# YOUR INSTRUCTIONS
Although the records contain pictures, the copy must not; reproduce everything else in them exactly.

Segment Open

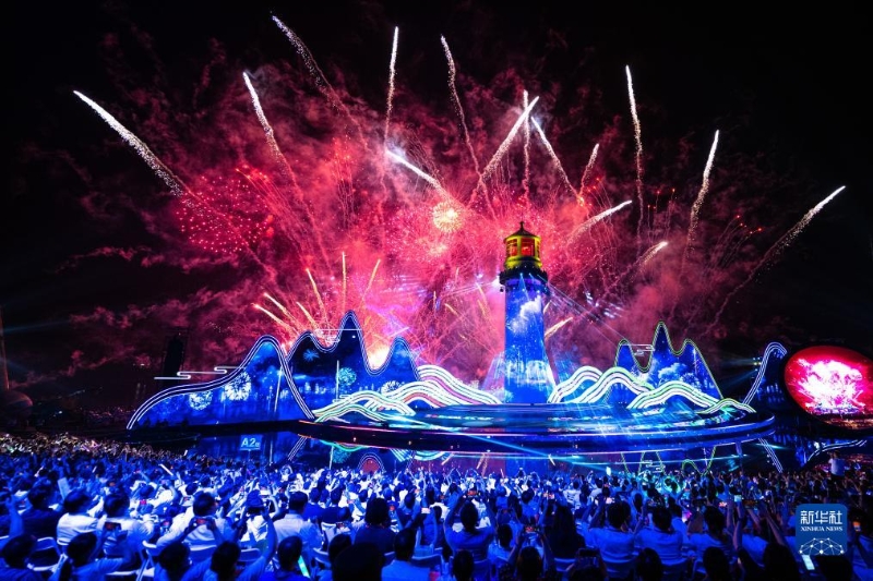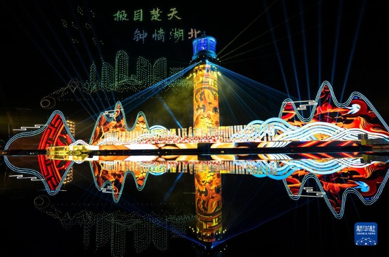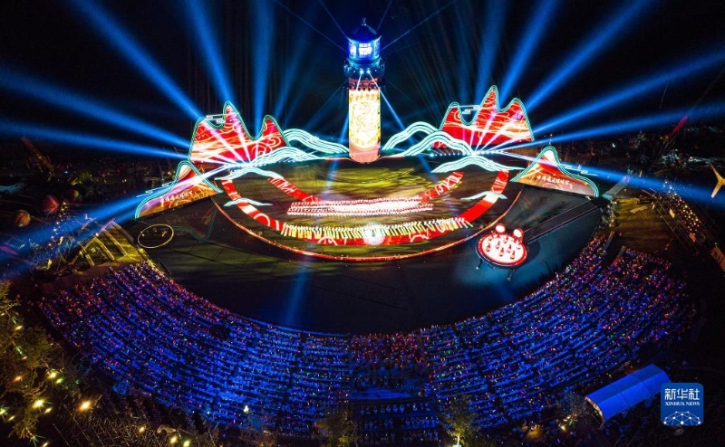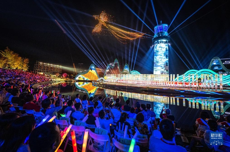 9月16日,觀眾欣賞第十四屆中國長江三峽國際旅游節(jié)開幕式表演(無人機照片)。
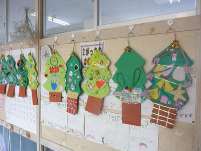 クリスマスが近づき、1年生は図工の学習で、針金ハンガーを使った吊り下げ式のクリスマスツリーを作りました。
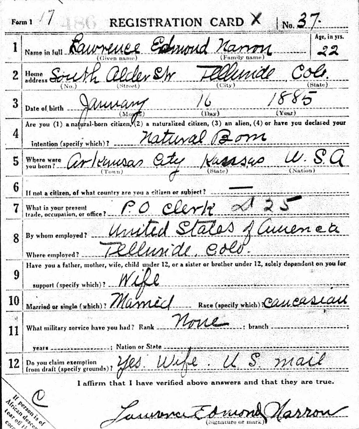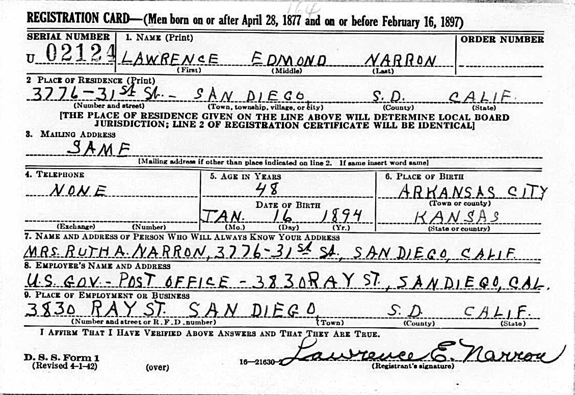 Lawrence Edmund Narron was born on January 16, 1894 in Kansas, USA. He and
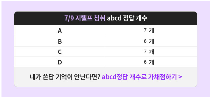바로 지텔프 청취 abcd 정답 개수에요!
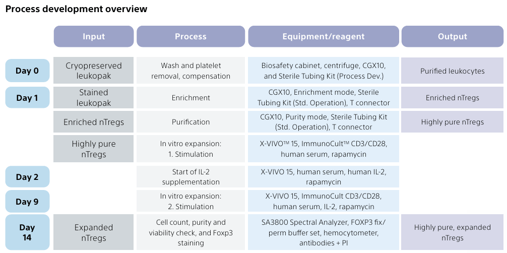 Sony CGX10 的兩步驟分選工作流程示意圖,展現了從 Leukopak 到高純度 nTregs 的完整路徑。

Segment Closed

# WRITTEN REPLY
 9月16日,觀眾欣賞第十四屆中國長江三峽國際旅游節(jié)開幕式表演(無人機照片)。
 クリスマスが近づき、1年生は図工の学習で、針金ハンガーを使った吊り下げ式のクリスマスツリーを作りました。
 Lawrence Edmund Narron was born on January 16, 1894 in Kansas, USA. He and
바로 지텔프 청취 abcd 정답 개수에요!
 Sony CGX10 的兩步驟分選工作流程示意圖,展現了從 Leukopak 到高純度 nTregs 的完整路徑。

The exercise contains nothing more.